Study design: Cross‐sectional, whole of population study; analysis of 2021 Australian census data.
Participants, setting: People aged 40 years or older for whom 2021 Australian census health status and socio‐economic position‐related data were available.
Main outcome measures: Age‐standardised prevalence of ten chronic diseases (arthritis, asthma, cancer, dementia, diabetes, heart disease, kidney disease, lung disease, mental health conditions, and stroke), by socio‐economic position (Index of Relative Socio‐economic Disadvantage [IRSD], income category, educational level, occupational grade), age group, and sex; mean change in prevalence across socio‐economic position categories.

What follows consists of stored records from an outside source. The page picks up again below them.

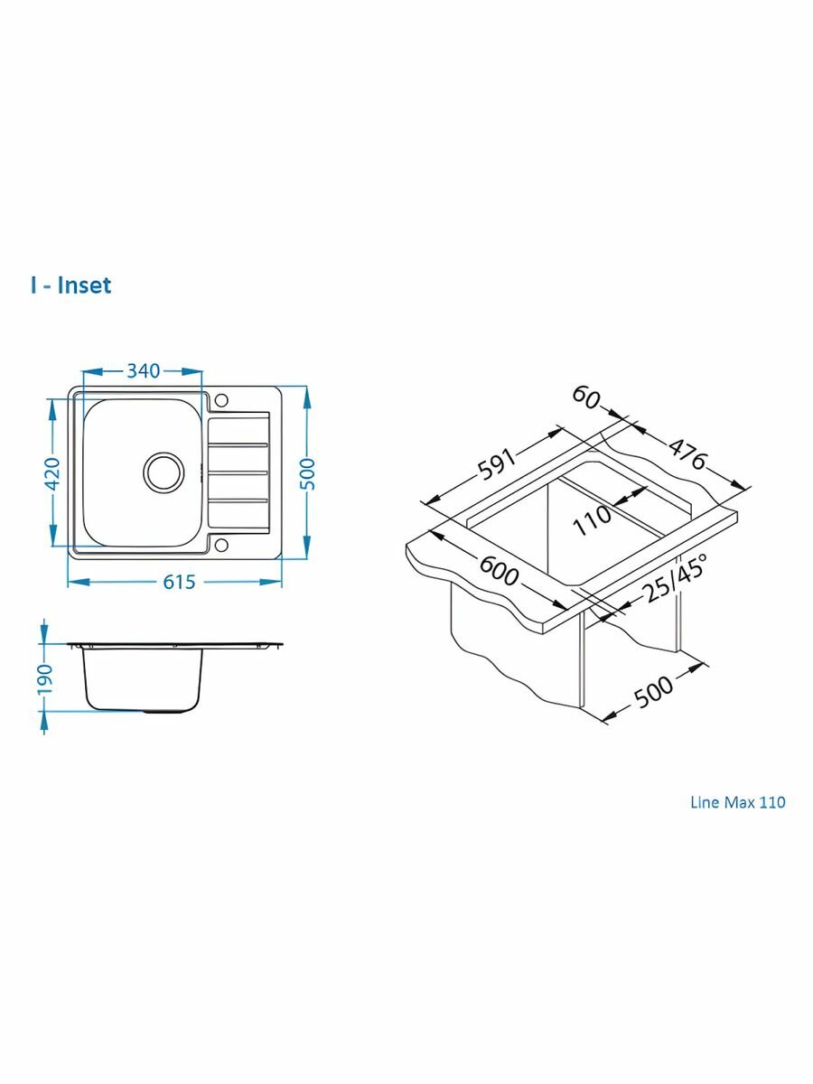 Мойка Alveus LINE 110 NAT 90 FI 615X500 в компл. с сифоном 1130551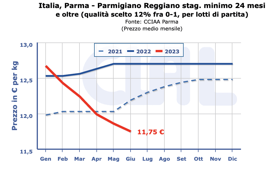 PARMIGIANO REGGIANO – Parma 30 giugno 2023 – A Parma si è arrestata la discesa dei prezzi.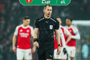 体育资讯3月11日讯 北京时间3月23日凌晨,阿森纳与曼城将在联赛杯决赛中展开较量,本场比赛裁判组出炉。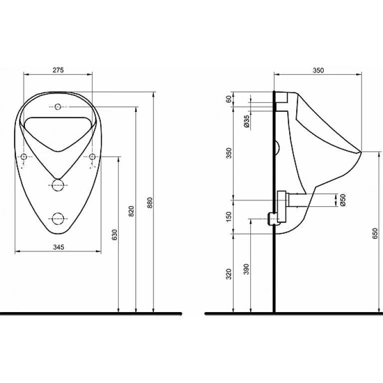 • для комплектації з ситечком, сифоном для пісуара, автоматичним клапаном з радарним зливом та термічною системою змиву. Рекомендується комплектувати сифоном Geberit 152.950.11.1.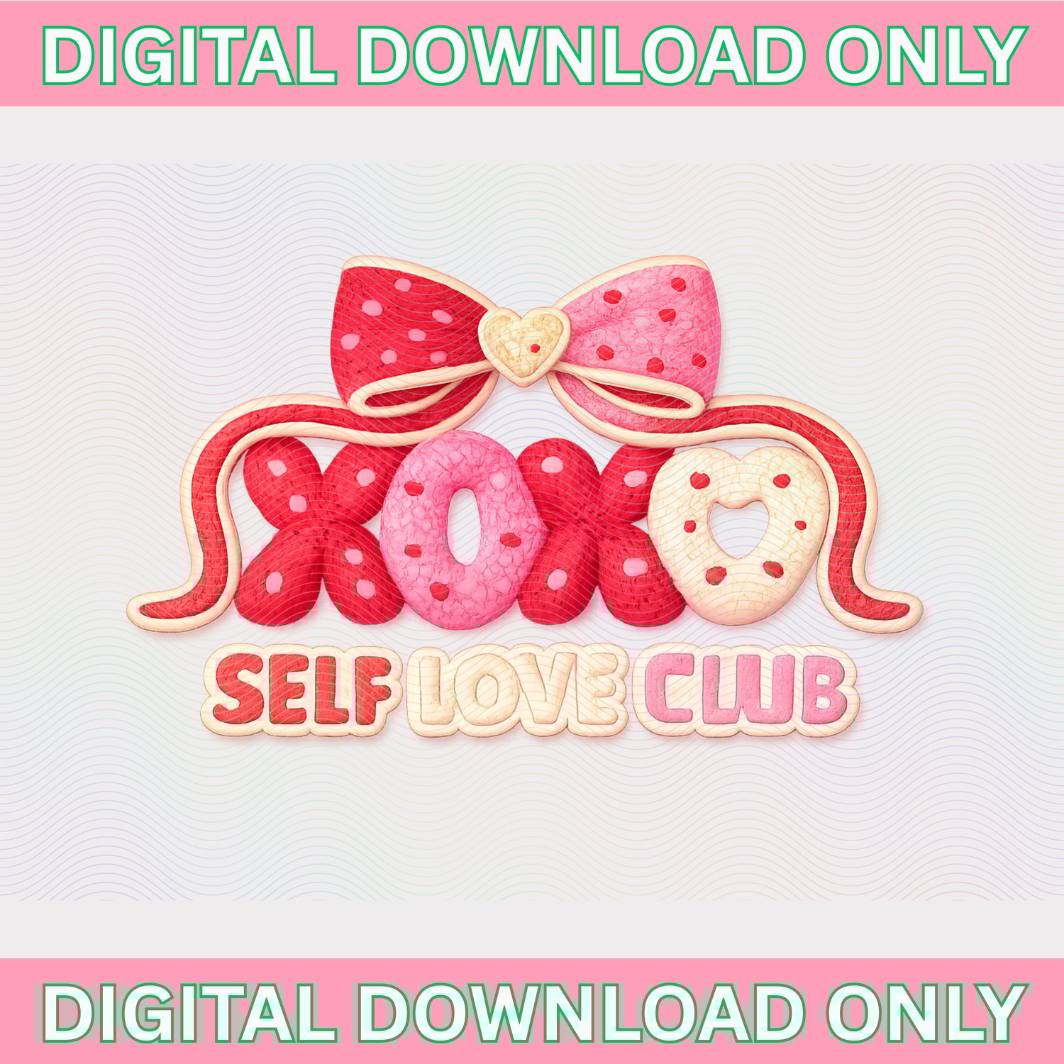 Self Love Club XOXO PNG | Valentine's Day Digital Art | Cute Bow Cookie Clipart | Instant Digital Download for Sublimation & DTF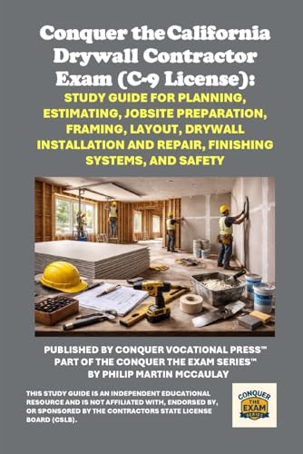 Conquer the California Drywall Contractor Exam (C-9 License): Study Guide for Planning, Estimating, Jobsite Preparation, Framing, Layout, Drywall Installation and Repair, Finishing Systems, and Safety

Results: Health status responses and data that allowed IRSD categorisation were available for 11.3 million people aged 40 years or older (92% of all adults aged 40 years or older). The proportions of people who reported nine chronic diseases (exception: cancer) increased with increasing socio‐economic disadvantage as measured by IRSD decile and income. The increases were less marked for people aged 80 years or older than for those aged 40–79 years, and more marked for women than men. For people aged 40–59 or 60–79 years, the increase in age‐standardised chronic disease prevalence per one decile decrease in IRSD was greatest for lung disease in both women (40–59 years, 18.4% per decile; 60–79 years, 10.6% per decile) and men (40–59 years, 16.9% per decile; 60–79 years, 11.0% per decile). In people aged 80 years or older, the increase in prevalence per one decile decrease in IRSD was greatest for kidney disease in women (6.0% per decile) and for mental health conditions in men (7.1% per decile). The age‐standardised prevalence of cancer decreased by 0.4–1.1% per one decile decrease in IRSD for all age groups and both sexes, except for men aged 40−59 years (increased by 0.1% per IRSD decile). Consistent relationships with educational level or occupational grade were not found.
Conclusions: The prevalence of chronic disease differs by socio‐economic position, but the direction, magnitude, and consistency of the effect differs by disease, socio‐economic position measure, age, and sex. Understanding the relationship between different socio‐economic position measures and chronic diseases facilitates the formulation of directed interventions.